• EXERCISE GOAL:
Exactly the lines below, starting with the one containing "На страницах сайта" and going on through the one containing "技术团队在圣诞假期期间持续推", must be reproduced, both ends included, and no pictures with them.

• PROVIDED DATA:
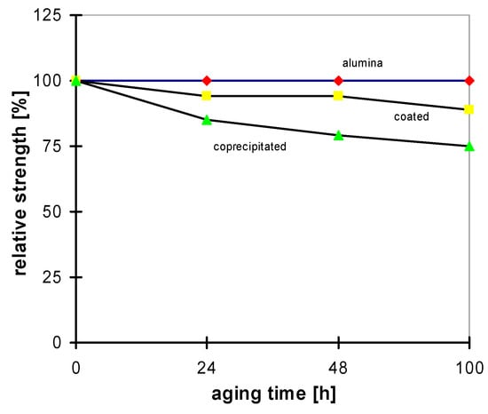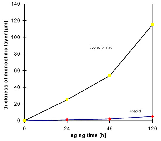 Mechanical strength properties of the materials are comparable; its mechanical strength after sintering in oxidizing atmosphere is about σ ≈ 1000–1100 MPa. Due to the yttria gradient in the coated material, its fracture toughness is higher. The real difference between the two materials is in their hydrothermal stability. Aging experiments at 135 °C with a vapor pressure of 2 bar have been made in comparison with bio-grade alumina [27]. In both cases a decrease of strength is measured; however, it is more drastic for the coprecipitated material [28,29]. The relative strength decrease is shown in Figure 18; Figure 19 contains the development of the monoclinic phase with increasing aging time, and Figure 20 shows the thickness of the corroded layer. In Figure 21 the corroded layer of the two materials is shown after 48 h treatment.
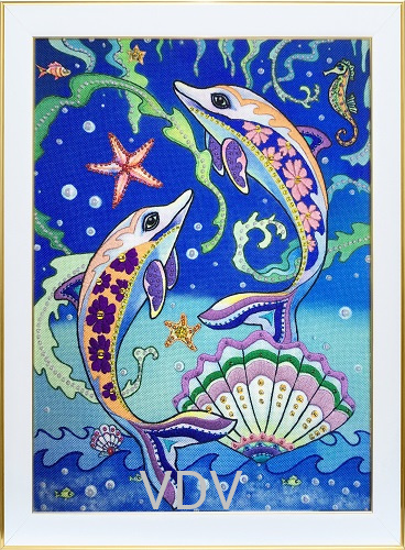 КВ ВК-0109 "Дельфіни" комбінована вишивка (нитки, бісер)  22х31 см
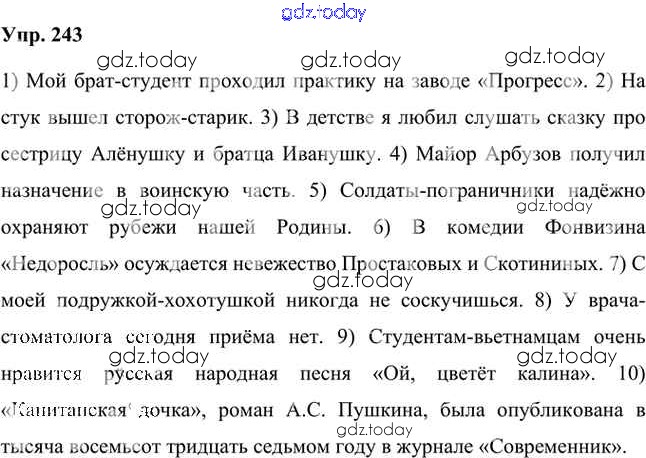 На страницах сайта gdz.today вы найдете учебный и вспомогательный материал, направленный на улучшения знаний школьной программы. ГДЗ - онлайн мир знаний Упражнения Часть 1 (решение) 243 Учебнику по Русскому языку для 8 класса Быстрова, Кибирева Русское слово Инновационная школа 2019
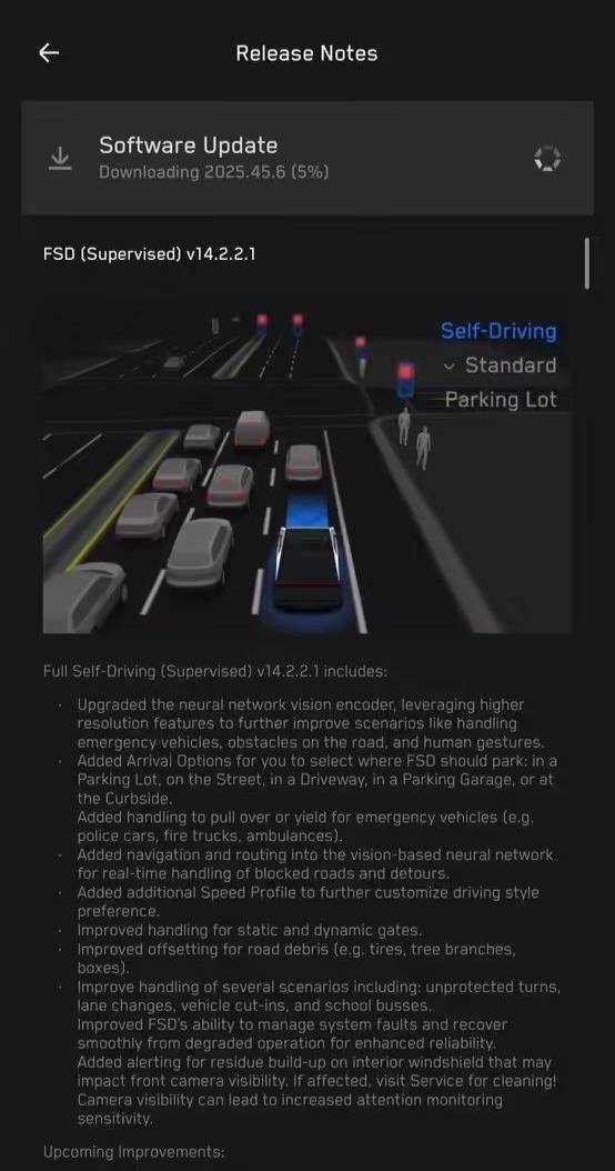 技术团队在圣诞假期期间持续推进系统迭代。FSD(监督版)v14.2.2版本向用户推送仅一天后,人工智能部门便紧急上线了v14.2.2.1优化版本。新版本重点提升了复杂环境下的决策能力,特别是在雨天、模糊路标等场景中的表现。
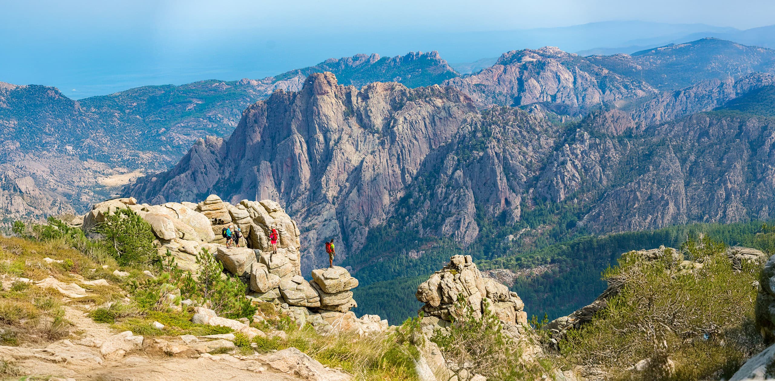 The trails are usually packed dirt, but the terrain can be rugged, with steep climbs over uneven ground and craggy rocks. This includes sections of loose scree, the occasional need to scramble and use fixed chains for aid. On some days, you will encounter sections of narrow, exposed trails. Altitudes are not high, and we carry only a daypack, but distances are long on some days, and there are many days with steep ascents and descents. During the trip, we will also offer multi-sport options such as biking and the Corsican sport of “canyoneering.” Your Trip Leader will explain the specifics with you in person, however, we recommend you have experience with those activities before the trip if you plan to participate.
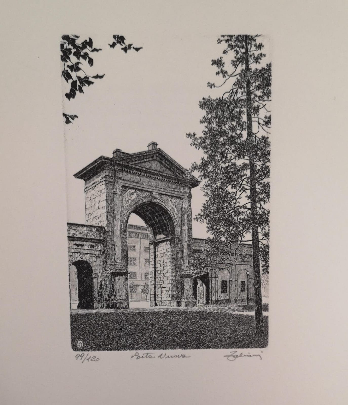 In-4 gr., brossura alla francese, custodia, pp. (6) di presentazione e 7 affascinanti acqueforti orig. (mm. 97x145), firmate da Agostino Zaliani e numerate, con vedute di Milano: ciascuna è introdotta da una annotazione di Stendhal, tratta dalla sua opera "Rome, Naples, Florence", 1816. Bella edizione tirata con torchio a mano in 120 esemplare numer. Il ns., 99, è in ottimo stato.
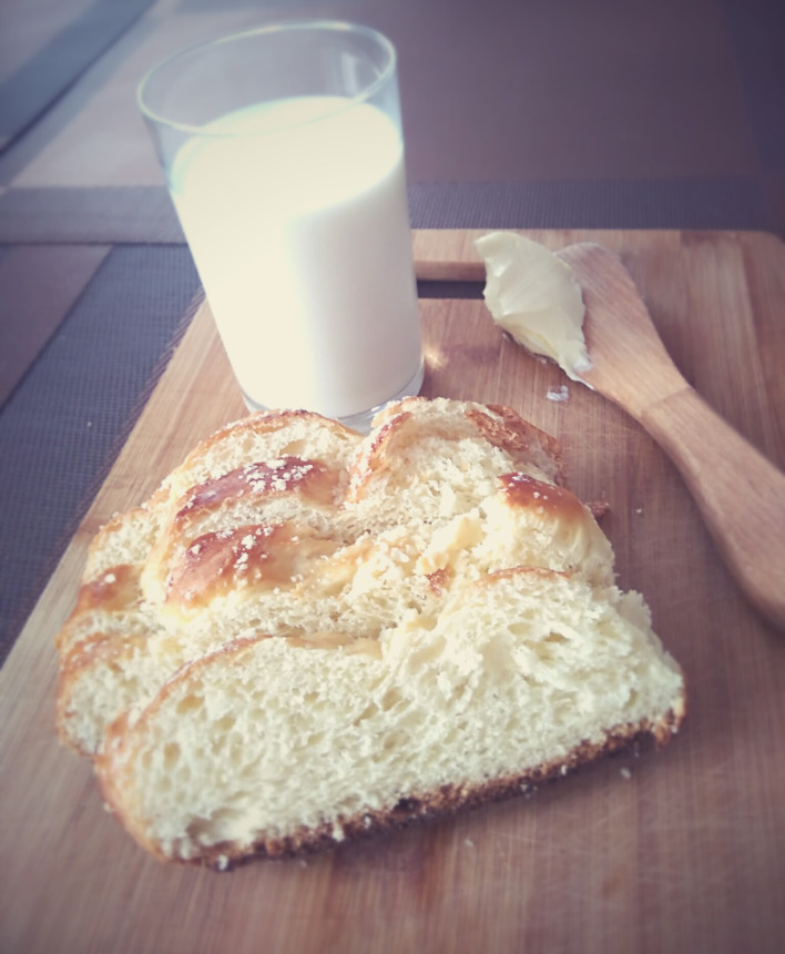 Pamiętam z czasów podstawówki – mój tata często kupował chałkę, delikatną ze słodką kruszonką na wierzchu. Na drugie śniadanie, więc często jadaliśmy z masłem i popijaliśmy szklanką mleka. Postanowiłam przypomnieć sobie ten smak choć pewnie i tak to nie to samo, co kiedyś, ale przynajmniej przywołało miłe wspomnienia.
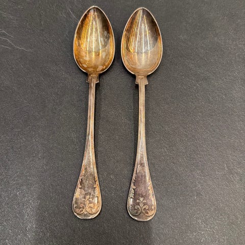 Hopeita ruokahaarukkasetti, jossa on kuusi haarukkaa. Haarukoissa on koristeellinen, klassistyylinen kuviointi varressa ja päässä. Yhteispaino on noin 391 g. Soveltuu kattaukseen tai täydentämään olemassa olevaa hopeoitua aterinsarjaa.
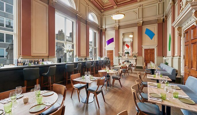 El restaurante de la Royal Academy of Arts es español. De José Pizarro. La carta está en español, con productos españoles, atienden en español y tienen colgada una bandera española.
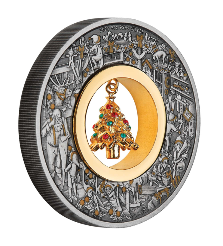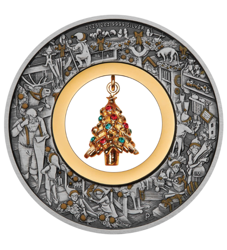 Warsztat Świętego Mikołaja 2025 – 2 oz Srebrna Moneta z Pozłacaną Choinką i Kryształkami Swarovskiego
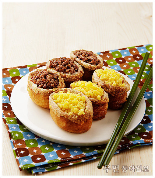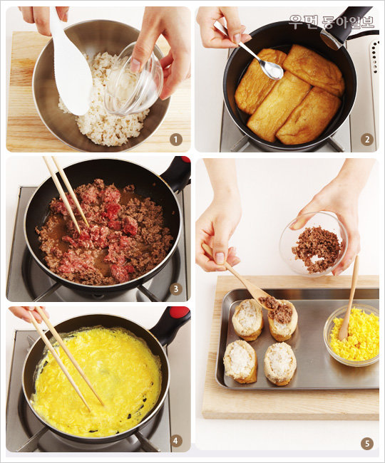 요리하기 1. 뜨거운 밥에 밥 양념재료를 넣어 잘 섞어준다. 2. 냄비에 유부와 유부조림 양념 재료를 넣고 중약불에서 10분 정도 조린 뒤 유부에 반으로 칼집을 내어 준다. 3. 쇠고기에 물1/4컵과 데리야키 소스, 후춧가루 약간을 넣고 섞은 뒤 달군 팬에 올려 젓가락으로 섞어준다. 4. 달걀을 잘 풀어 소금 약간과 맛술 1.5스푼을 섞어 체에 내린 뒤 팬에서 스크램블처럼 섞어가며 볶는다. 5. 칼집을 넣은 유부 안에 밥을 넣고 볶은 쇠고기 소보로와 달걀 소보로를 각각 얹어 마무리. 단촐한 집을 위한 간단하고 트렌디한 레시피 ‘小식구 밥상’은···
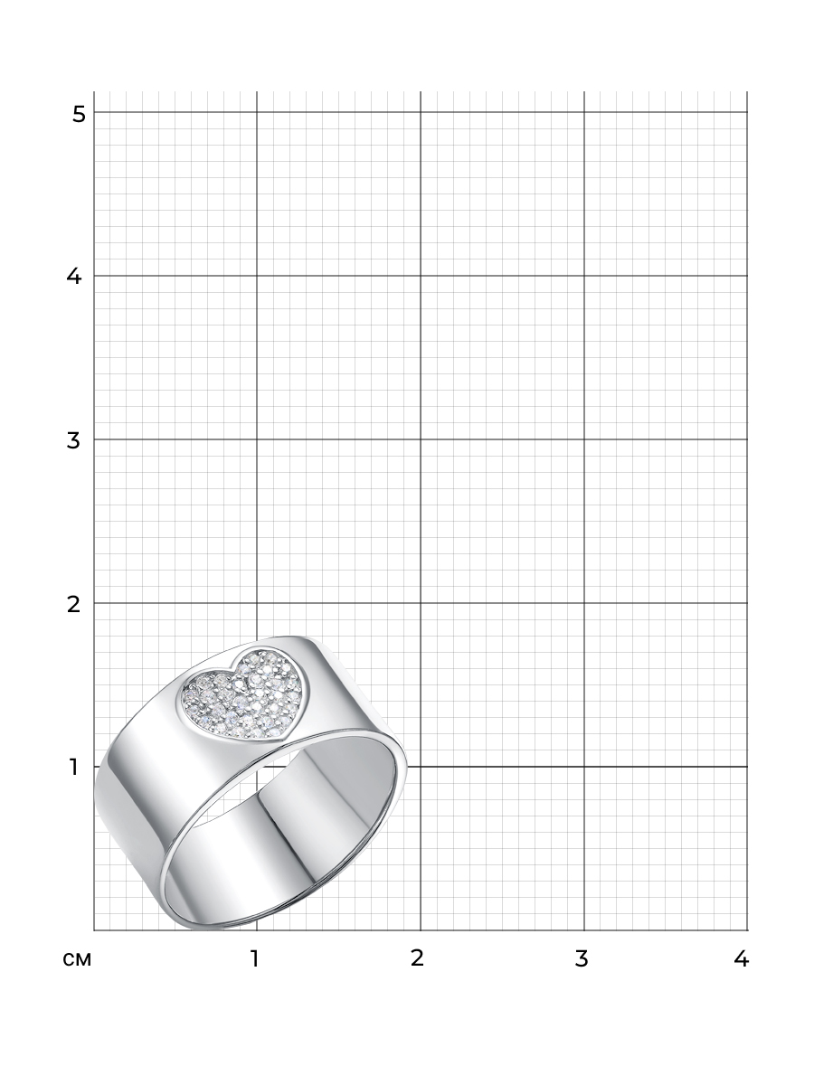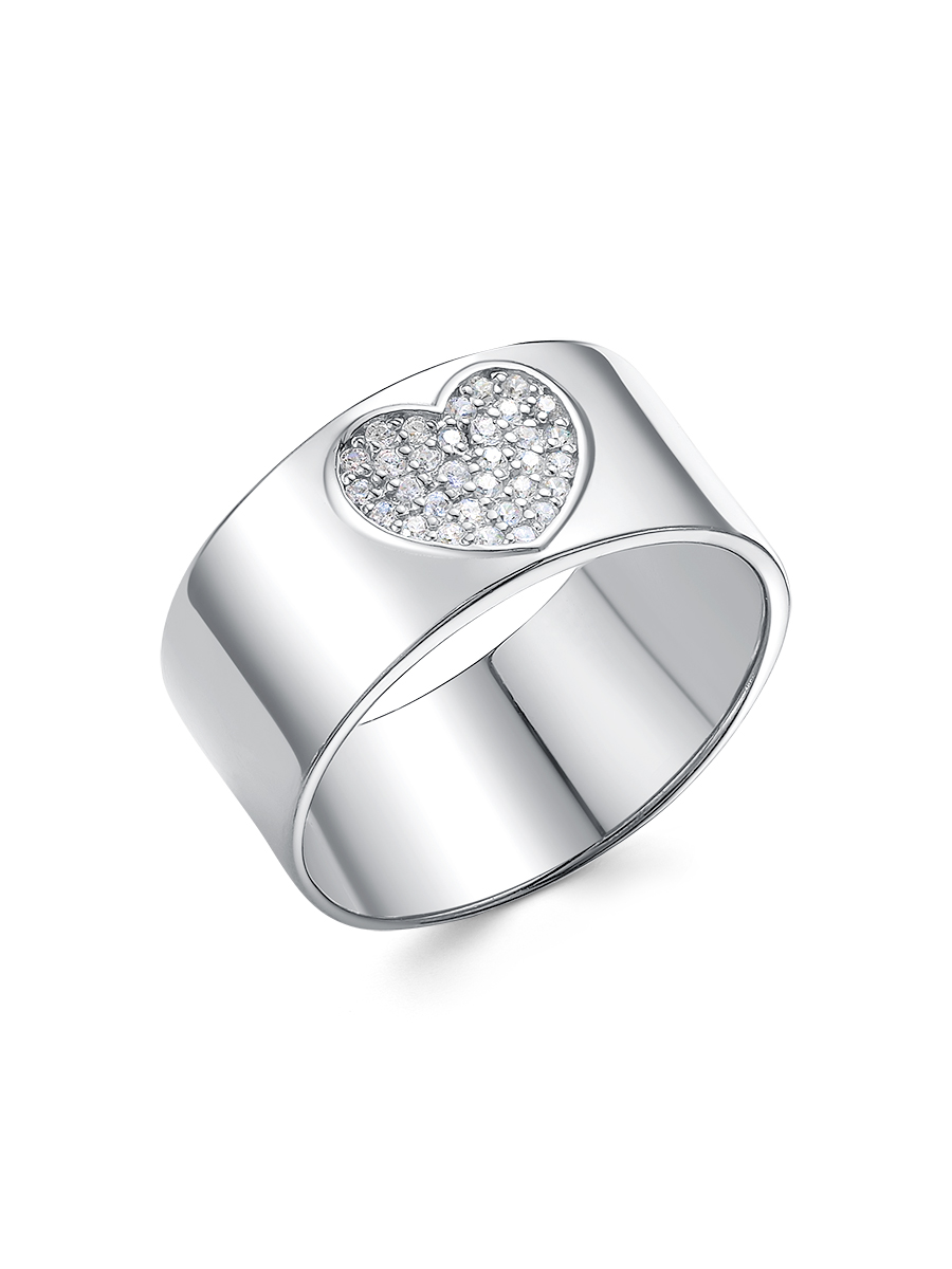 Кольцо выполнено из серебра 925 пробы с родиевым покрытием. Характеристики. Вставка 32 недрагоценных бесцветных фианита 1мм огранка круг. Ширина шинки 9мм, глубина 1мм. Ширина сердца 9 мм. Отличным дополнением к кольцу будут серьги арт.2-08-275-12р и подвеска арт.3-08-275-12р. Берегите изделие от воздействия влаги, любых спиртосодержащих растворов и жидкостей, а также парфюма. Для ухода и чистки желательно использовать специальные салфетки для серебра. Приятным дополнением к ювелирному украшению является фирменная упаковка. Значение веса и габаритов в характеристиках примерные и могут отличаться от фактических.
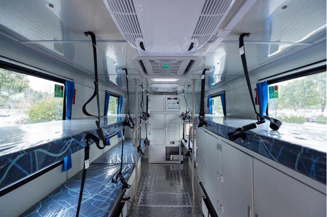 推休息舱后部有一扇外开旋转式舱门式可进入工具舱,舱内左右侧有序装配仪器的带箱门的工具箱,车内空间合理设计排布,最大化利用了空间。仪器架安装有气囊式压紧功能,前部设防撞架,后部安装钢制滚轮及环形链条及卡扣,确保仪器在取、放、运输中安全可靠。

• RESPONSE TO THIS TASK:
 На страницах сайта gdz.today вы найдете учебный и вспомогательный материал, направленный на улучшения знаний школьной программы. ГДЗ - онлайн мир знаний Упражнения Часть 1 (решение) 243 Учебнику по Русскому языку для 8 класса Быстрова, Кибирева Русское слово Инновационная школа 2019
 技术团队在圣诞假期期间持续推进系统迭代。FSD(监督版)v14.2.2版本向用户推送仅一天后,人工智能部门便紧急上线了v14.2.2.1优化版本。新版本重点提升了复杂环境下的决策能力,特别是在雨天、模糊路标等场景中的表现。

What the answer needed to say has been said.